Garu chuckled and said, "Etu hunts more than game." An old joke.
Etu flushed--there was, indeed a girl among the Minarans who, if he had anything to say about it, would come back to Athos with him one of these days--but said, smiling, "Feed the stomach, feed the spirit."
11. Tiko the Protector
Tiko, in preparation for being Tiko, had spent an entire year sleeping during the day so he would know the stars and know when a Wraith-star had arrived. He had sat a month silent, listening to others so he would know when anger was about to strike and explode like fire. He had learned as many stories as Tana would tell him about each of the Athosian camps and which ones brought fortune and which brought misfortune.
He was not prepared, however, for this: carrying a squirming child under each arm, and yelling for the third to precede him back to camp.
"It was the city that brought destruction to the Athosian people," he said to the child-on-his-right, "the city that brought the Wraith upon us."
He took a deep breath. "And so help me," he said to the child-on-his-left, "if I see you near it again, you will--LEETA!"
Honestly, some days.
12. Gleena the Teacher
She was not Gleena.
Teyla had reached for Gleena, tried to touch her, to answer her Call, but Gleena was beyond her grasp.
Perhaps Gleena meant to be: perhaps she had decided to stay on Athos, within view of the ruins that reminded her what once was; perhaps she was simply tired of being an Eternal and ready for her well-deserved rest.
Perhaps Gleena would Call someone when she was good and ready. Once she knew who her compatriots were. Teyla considered this as the puddlejumper flew her back over the sea to Atlantis.
The Council would not break, Teyla thought, sure of it; it was older than time itself, and would weather the move from Athos like a gana tree in the spring wind. (Like the trees the Atlanteans called white pine.) Whether the place was different, or whether new Eternals took the place of the old, Teyla's people would remain and keep the Council.
The puddlejumper landed, and Teyla stepped out, tracing the steps she knew in her sleep, the hallway, a short flight of stairs, and then the gate and the great shining city were before her, and she took a deep breath, and knocked on Elizabeth's door.
13. Teyla the Wanderer
"Hush, child," her mother said, and stroked her hair softly. "Teyla watches over those whom she Calls. Listen to her, follow her hand. She will guide you to a new place, or back home, as she will. As you are needed to do."

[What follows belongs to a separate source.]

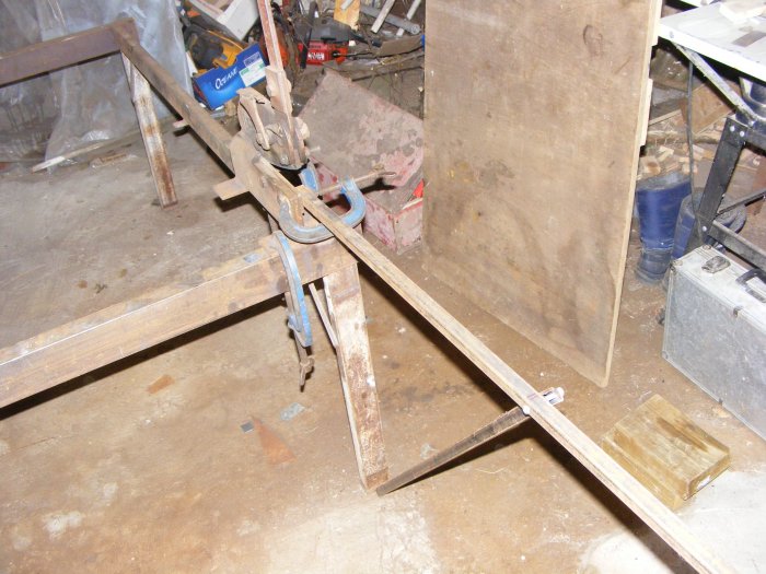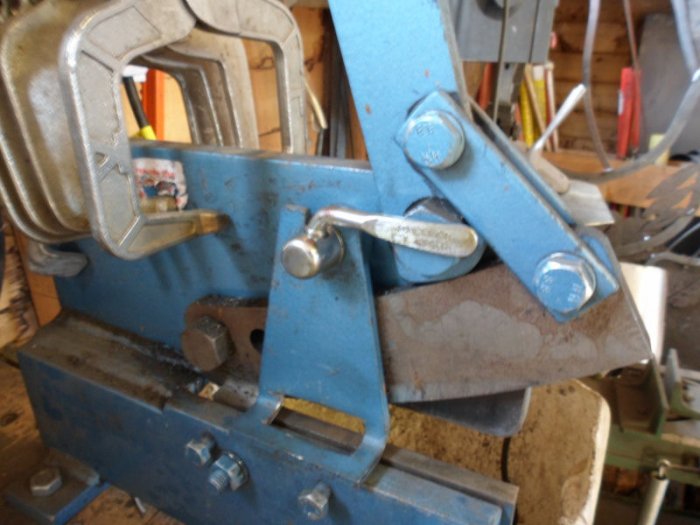 Job done, typically a ten minute job took an hour but worth the effort. Next thing is to make a small support to go a few inches to the left of the shears to help get the height right. I also cut a slot in the thingy so i can see what I am doing when making small cuts.

The girl sniffled a bit, and dried her eyes, and embraced her mother, and then went out to where the craft was waiting for her.
The young man sitting at the controls of the ship wore a shoulder patch with the insignia of Free Atlantis, and his eyes were the same stormy blue as the sky. His smile was sweet as he introduced himself: he was Adam, he said.
"Hello," she said. "I am Teyla the Wanderer."